* Task requirements:
Repeat the listing below in full and exactly. Pictures are to be omitted.

* Recorded data:
◇ ◇ ◇

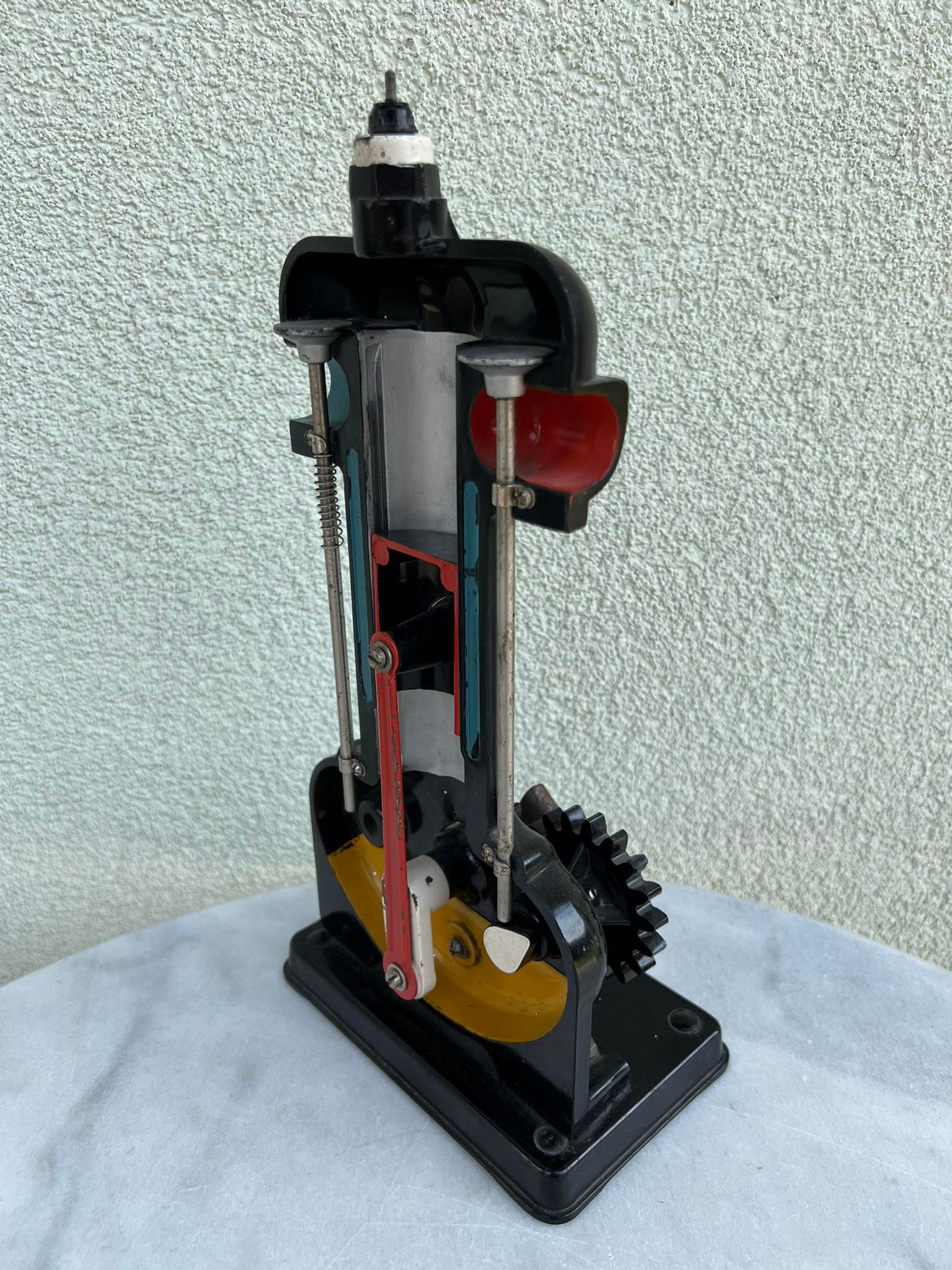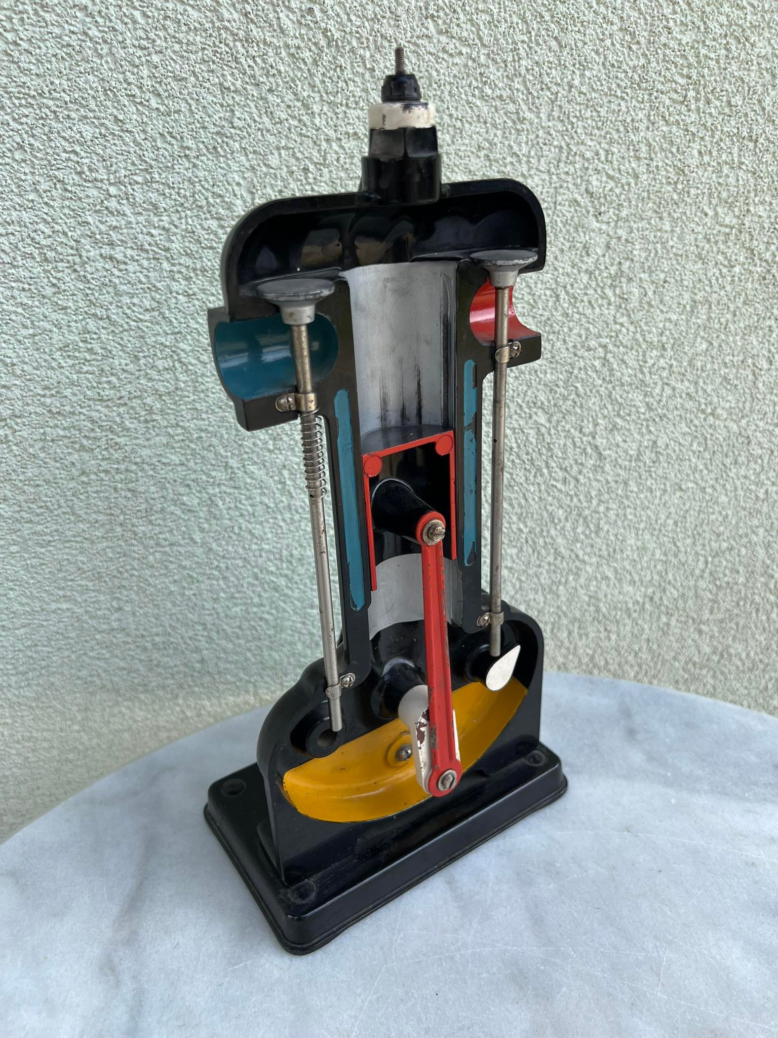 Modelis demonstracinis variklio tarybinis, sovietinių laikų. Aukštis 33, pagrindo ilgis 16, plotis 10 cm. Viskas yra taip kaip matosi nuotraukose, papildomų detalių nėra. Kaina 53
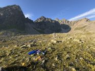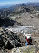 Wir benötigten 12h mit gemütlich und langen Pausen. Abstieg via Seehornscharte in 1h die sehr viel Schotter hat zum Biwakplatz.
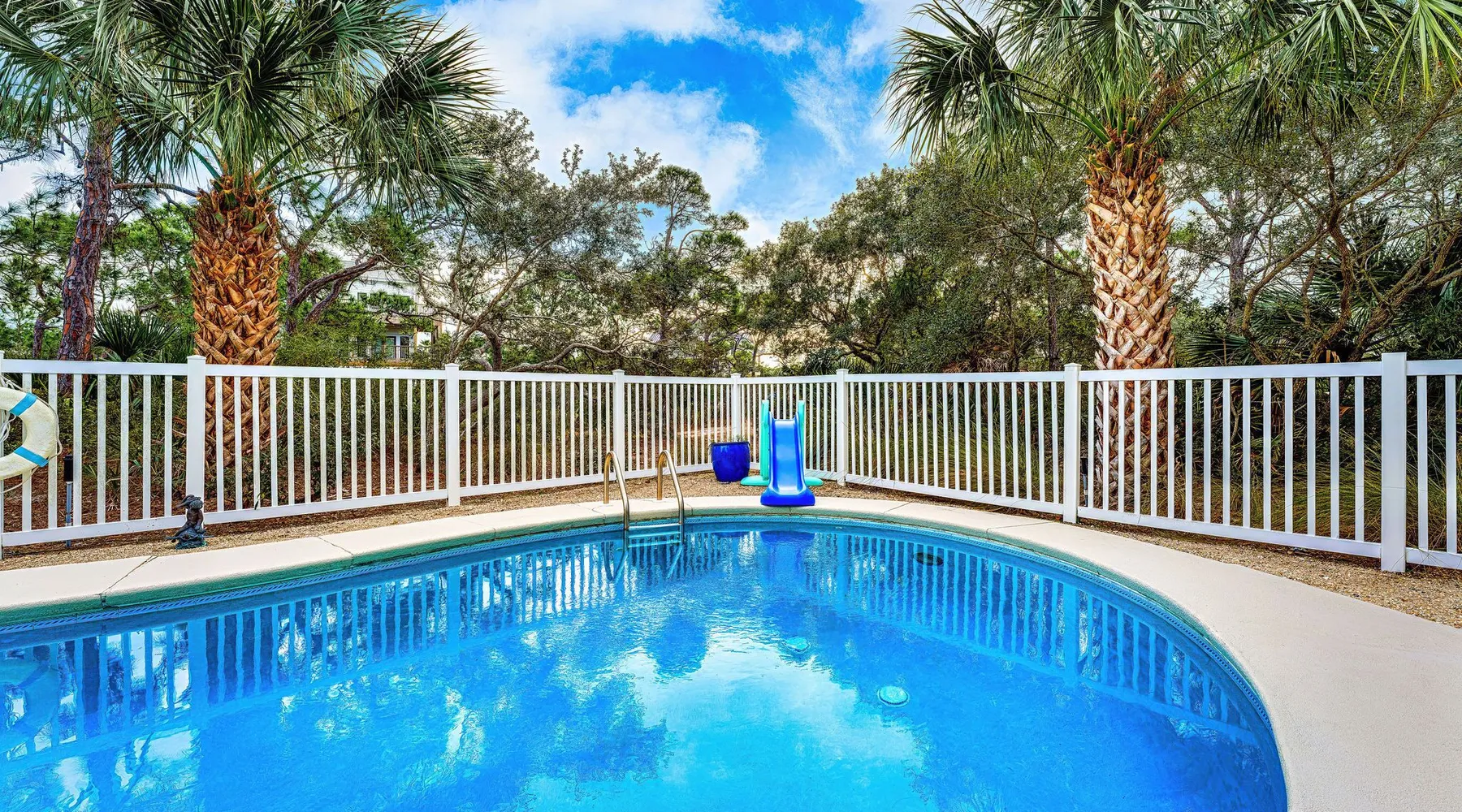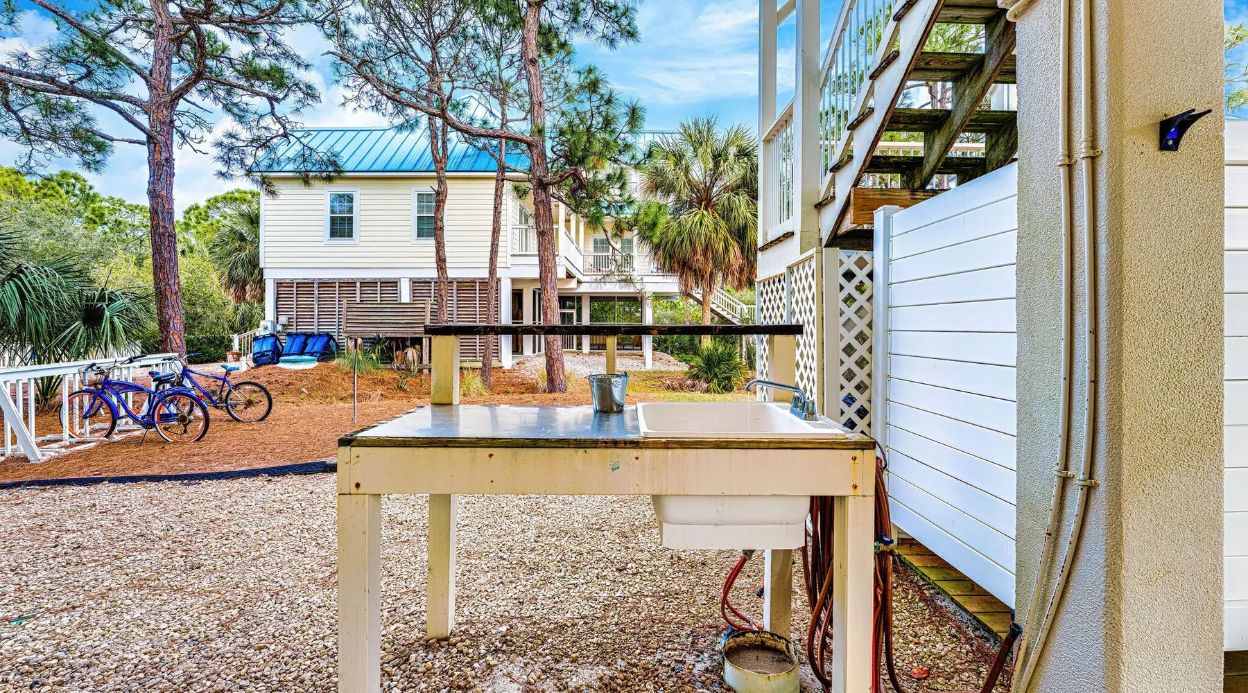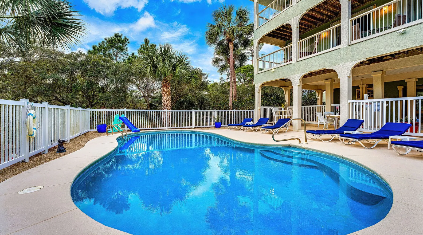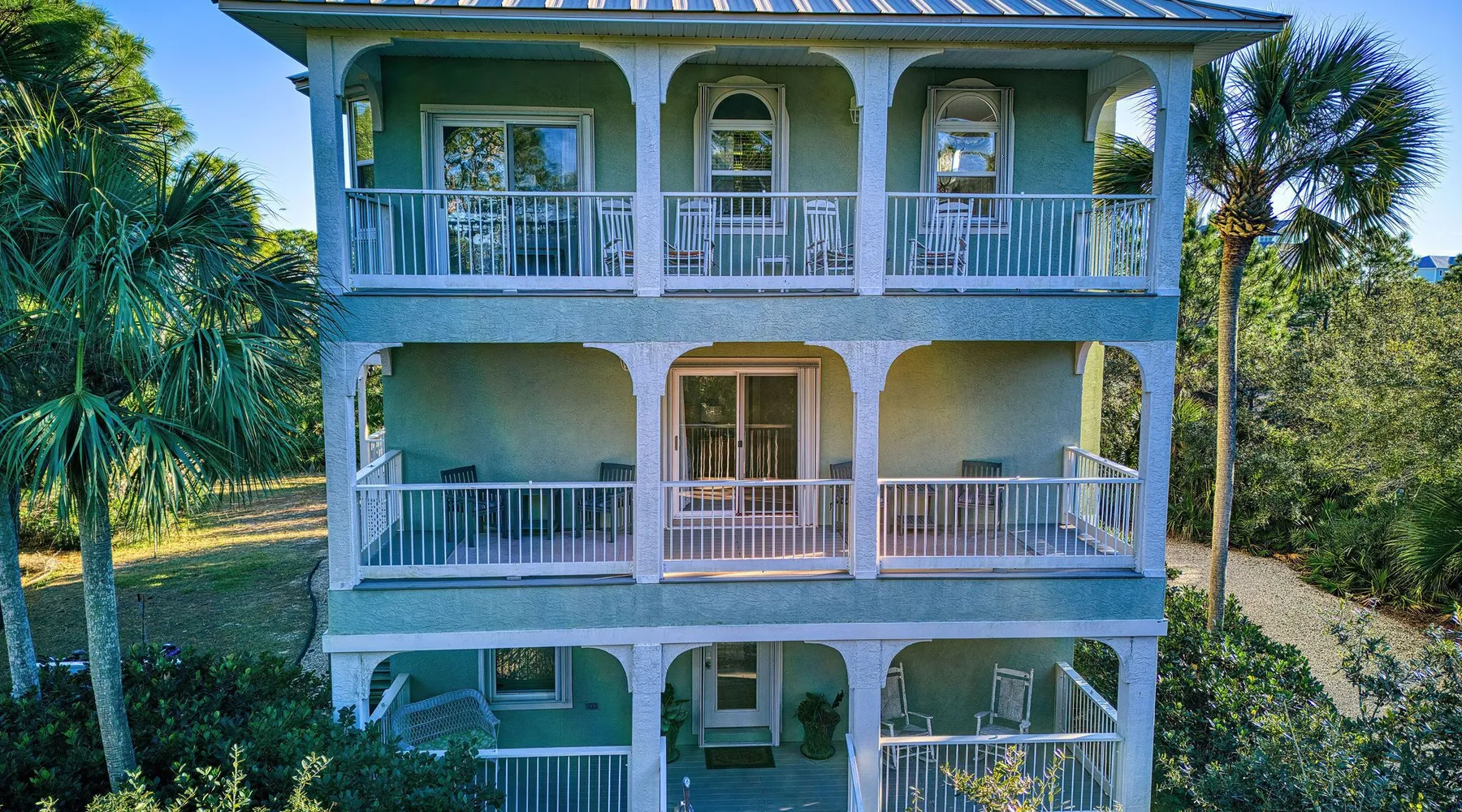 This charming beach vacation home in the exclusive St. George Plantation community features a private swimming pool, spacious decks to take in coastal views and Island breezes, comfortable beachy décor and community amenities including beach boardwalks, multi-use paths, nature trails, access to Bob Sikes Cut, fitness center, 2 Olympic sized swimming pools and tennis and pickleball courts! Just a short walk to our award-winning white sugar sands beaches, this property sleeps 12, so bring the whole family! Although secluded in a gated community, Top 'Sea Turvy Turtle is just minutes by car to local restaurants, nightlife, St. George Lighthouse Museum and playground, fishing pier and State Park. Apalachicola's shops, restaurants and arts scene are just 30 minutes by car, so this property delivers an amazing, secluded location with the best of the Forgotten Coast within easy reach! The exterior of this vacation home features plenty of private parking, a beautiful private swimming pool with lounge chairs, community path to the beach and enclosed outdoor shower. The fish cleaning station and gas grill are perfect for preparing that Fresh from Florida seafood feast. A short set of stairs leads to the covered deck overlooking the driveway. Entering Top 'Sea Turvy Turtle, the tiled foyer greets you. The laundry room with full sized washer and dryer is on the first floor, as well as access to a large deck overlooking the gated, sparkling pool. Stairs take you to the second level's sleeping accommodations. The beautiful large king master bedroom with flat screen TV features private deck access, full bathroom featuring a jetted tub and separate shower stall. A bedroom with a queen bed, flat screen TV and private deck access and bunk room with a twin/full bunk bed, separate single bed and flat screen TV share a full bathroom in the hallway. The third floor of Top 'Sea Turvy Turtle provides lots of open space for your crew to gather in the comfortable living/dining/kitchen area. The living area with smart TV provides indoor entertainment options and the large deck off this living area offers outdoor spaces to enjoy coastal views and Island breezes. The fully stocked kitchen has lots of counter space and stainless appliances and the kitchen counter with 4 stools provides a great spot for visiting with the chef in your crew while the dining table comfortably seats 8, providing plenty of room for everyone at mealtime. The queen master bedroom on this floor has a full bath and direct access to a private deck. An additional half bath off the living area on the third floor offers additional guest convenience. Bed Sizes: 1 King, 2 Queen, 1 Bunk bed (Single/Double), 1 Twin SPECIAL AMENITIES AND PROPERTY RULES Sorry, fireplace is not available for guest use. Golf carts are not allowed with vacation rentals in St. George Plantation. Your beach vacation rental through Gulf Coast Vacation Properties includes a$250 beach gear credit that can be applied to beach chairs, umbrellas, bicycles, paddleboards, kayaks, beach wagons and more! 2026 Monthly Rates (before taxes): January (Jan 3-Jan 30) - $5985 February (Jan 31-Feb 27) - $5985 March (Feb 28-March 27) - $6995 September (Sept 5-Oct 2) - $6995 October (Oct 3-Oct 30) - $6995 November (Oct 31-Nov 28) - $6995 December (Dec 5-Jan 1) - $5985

◇ ◇ ◇

* Problem solution:
 Modelis demonstracinis variklio tarybinis, sovietinių laikų. Aukštis 33, pagrindo ilgis 16, plotis 10 cm. Viskas yra taip kaip matosi nuotraukose, papildomų detalių nėra. Kaina 53
 Wir benötigten 12h mit gemütlich und langen Pausen. Abstieg via Seehornscharte in 1h die sehr viel Schotter hat zum Biwakplatz.
 This charming beach vacation home in the exclusive St. George Plantation community features a private swimming pool, spacious decks to take in coastal views and Island breezes, comfortable beachy décor and community amenities including beach boardwalks, multi-use paths, nature trails, access to Bob Sikes Cut, fitness center, 2 Olympic sized swimming pools and tennis and pickleball courts! Just a short walk to our award-winning white sugar sands beaches, this property sleeps 12, so bring the whole family! Although secluded in a gated community, Top 'Sea Turvy Turtle is just minutes by car to local restaurants, nightlife, St. George Lighthouse Museum and playground, fishing pier and State Park. Apalachicola's shops, restaurants and arts scene are just 30 minutes by car, so this property delivers an amazing, secluded location with the best of the Forgotten Coast within easy reach! The exterior of this vacation home features plenty of private parking, a beautiful private swimming pool with lounge chairs, community path to the beach and enclosed outdoor shower. The fish cleaning station and gas grill are perfect for preparing that Fresh from Florida seafood feast. A short set of stairs leads to the covered deck overlooking the driveway. Entering Top 'Sea Turvy Turtle, the tiled foyer greets you. The laundry room with full sized washer and dryer is on the first floor, as well as access to a large deck overlooking the gated, sparkling pool. Stairs take you to the second level's sleeping accommodations. The beautiful large king master bedroom with flat screen TV features private deck access, full bathroom featuring a jetted tub and separate shower stall. A bedroom with a queen bed, flat screen TV and private deck access and bunk room with a twin/full bunk bed, separate single bed and flat screen TV share a full bathroom in the hallway. The third floor of Top 'Sea Turvy Turtle provides lots of open space for your crew to gather in the comfortable living/dining/kitchen area. The living area with smart TV provides indoor entertainment options and the large deck off this living area offers outdoor spaces to enjoy coastal views and Island breezes. The fully stocked kitchen has lots of counter space and stainless appliances and the kitchen counter with 4 stools provides a great spot for visiting with the chef in your crew while the dining table comfortably seats 8, providing plenty of room for everyone at mealtime. The queen master bedroom on this floor has a full bath and direct access to a private deck. An additional half bath off the living area on the third floor offers additional guest convenience. Bed Sizes: 1 King, 2 Queen, 1 Bunk bed (Single/Double), 1 Twin SPECIAL AMENITIES AND PROPERTY RULES Sorry, fireplace is not available for guest use. Golf carts are not allowed with vacation rentals in St. George Plantation. Your beach vacation rental through Gulf Coast Vacation Properties includes a$250 beach gear credit that can be applied to beach chairs, umbrellas, bicycles, paddleboards, kayaks, beach wagons and more! 2026 Monthly Rates (before taxes): January (Jan 3-Jan 30) - $5985 February (Jan 31-Feb 27) - $5985 March (Feb 28-March 27) - $6995 September (Sept 5-Oct 2) - $6995 October (Oct 3-Oct 30) - $6995 November (Oct 31-Nov 28) - $6995 December (Dec 5-Jan 1) - $5985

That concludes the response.